[Beowulf] Re: ECC Memory and Job Failures (Huw Lynes)
Gerry Creager
gerry.creager at tamu.edu
Mon Apr 27 08:07:08 PDT 2009
Robert G. Brown wrote:
> On Fri, 24 Apr 2009, John Hearns wrote:
>
>> 2009/4/24 Robert G. Brown <rgb at phy.duke.edu>:
>>>
>>>
>>> I don't think memory is all that unstable, especially down where I live.
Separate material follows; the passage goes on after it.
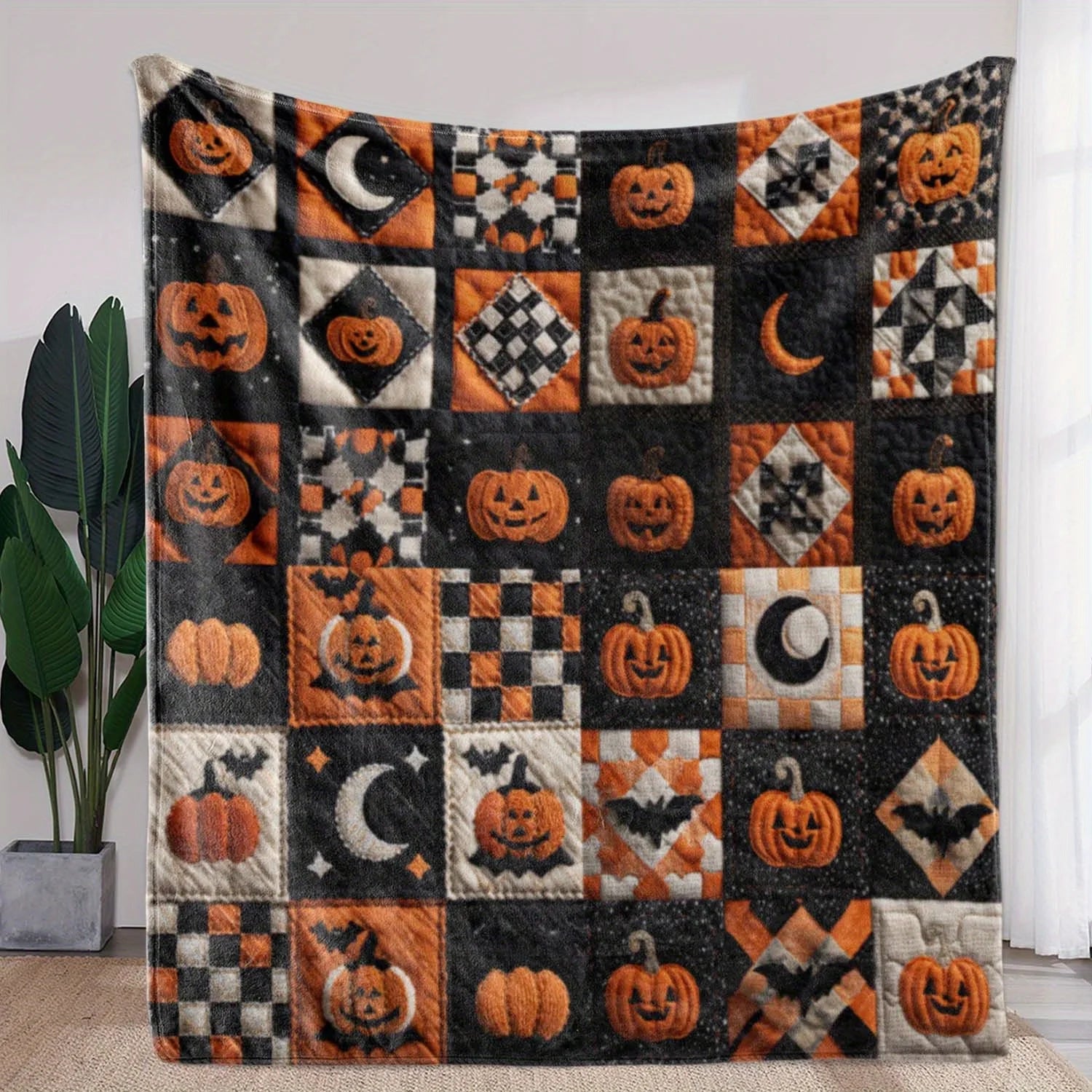 1pc Halloween Plaid Pumpkin Moon Print Flannel Blanket - Warm, Soft & Cozy Throw for Sofa, Bed, Car, Office, Camping & Travel

>>> In Denver, maybe. I think you need a lot of RAM, for a long time, to
>>> see a lot of radiation induced errors, or a source of high energy
>>> particles.
>>
>> I thought more of a motherboard of RAM chips - which were flat in
>> those days (mumble) years ago, and putting a radiation source directly
>> above them. Poor man's silicon strip detector.
>
> I vaguely remember an article long ago where somebody opened a RAM chip
> and hooked it up so that they could play with the timing refresh. RAM
> is sensitive to light. They wrote an array of ones while projecting an
> image onto it, waited a suitable amount of time, and could read the
> image out of the memory in 1's and 0's where the light hitting the array
> discharged the caps. A poor man's camera.
>
> Hmmm, let's see. Yeah, there is even a patent somebody filed for this
> (GIYF).
>
> So this might work if you had enough flux.
>
> Hah! Google IS your mighty friend! Google up:
>
> Radiation Dosimetry Using Three-Dimensional Optical Random Access
> Memories
>
> Hmm, people make cheap neutron detectors out of DRAM.
>
> So I guess this would work, but I still think you need a pretty peppy
> particle. The article suggests 0.5 MeV or up.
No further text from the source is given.